As they renewed their walk, she thought of a reply.

'It's as if I'm breathing for the first time,' she said.

They walked on. Clara looked back over her shoulder.

At that moment they were undoing one of the roof panels. The immense square fell with the sound of distant waves, dragging its darkness with it. The clear moonlight effortlessly glided into the empty shade.

 

 

Author's Note

 

Everything has been done in art. A novelist's imagination could never compete with the infinite ways and kinds of experimentation the reader can discover as soon as they enter the fantastic universe that is contemporary art. In spite of this, hyperdrama-dsm does not exist, although various tendencies, such as
body art,
use the human body as the basis for their works. Art-shocks, 'stained' art,
animarts
and human artefacts are also fictional creations, although
performances
and
events
are terms known to all followers of modern art. The business of buying and selling painted human beings is not, as yet, a common phenomenon. I have no idea whether that situation will change in the future, but I tend to think that if someone discovers how to make money out of it, it will not be moral considerations that prevent this human market from flourishing in the same or even more spectacular fashion as in my novel.

 

Many other things are fictitious in this work, in addition to the characters. Some of the public buildings such as the Obberlund in Munich or the Ateliers in Amsterdam, private galleries like the GS or the Max Ernst, and the Wunderbar and Vermeer hotels, are all imaginary. Any coincidence between these names and places existing in real life is purely accidental. The museums mentioned are real, although the cultural centre in Vienna's MuseumsQuartier is I believe still under construction. Perhaps it will have been completed by the time this novel comes out. Of course, the hyperdramatic works exhibited in these galleries are fictitious and absolutely no connection of any kind should be made between the characteristics of the works and the real institutions mentioned in the novel.

Certain works in the bibliography I consulted are too important not to mention.
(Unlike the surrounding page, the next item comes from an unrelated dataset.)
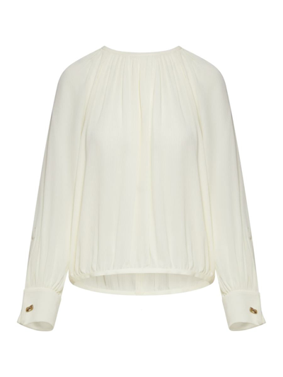 MAX MARA Gathered Neckline Long Sleeves Top In Beige
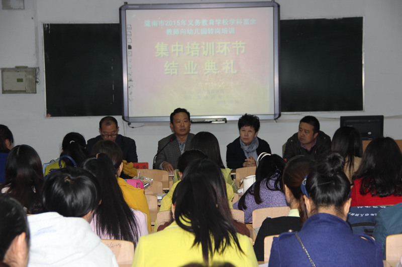 10月30日上午,陇南市2015年义务教育公司富余教师向幼儿园转岗培训第二期结业典礼在太阳成集团tyc111报告厅举行,继续教育公司经理牛增堂、书记张惠玲、太阳成集团tyc经理潘文生、副经理王小会、参训学员及管理人员一起参加,张惠玲主持了结业典礼。

The classic
Story of Art
by Ernest Gombrich (Phaidon, 1995) and the no less classic
Art Materials and Techniques
by Ralph Mayer (Tursen-Hermann Blume, 1993) became my bedside reading. Among the infinite number of books on Rembrandt, good choices were
Rembrandt's Eyes
by Simon Schama (Allen Lane, The Penguin Press, 1999) and
Rembrandt
by Emmanuel Starcky (Portland House, 1990). On contemporary art, I found
XXth Century Art
by Ruhrberg, Schneckenburger et al. (Taschen, 1999) and
Art at the Turn of the Millennium
by Riemschneider and Grosenick, eds (Taschen, 1999) unbeatable. The two verses by Rilke quoted at the beginning and end are from the first elegy in his
Duino Elegies.
All the Carroll extracts are from his
Through the Looking Glass and What Alice Found There.
The ellipses indicate words left out.

There are gaps no books can fill. Among the persons who helped me improve the novel with their advice or information, two merit special mention. Antonio Escudero Nafs, a good friend and an extraordinary painter, explained some of the most basic aspects of his art to me, and the equally talented painter 'Scipona' stoically put up with my questions about openings, gallery owners and dealers, and gave me invaluable help. In the end, however, my novel was not about inanimate canvases as they thought, but about human paintings, which obliged me to take great liberties with the information they gave me. All the errors my work may contain about the complex world of art are therefore due entirely to my own negligence or to the liberties I have taken.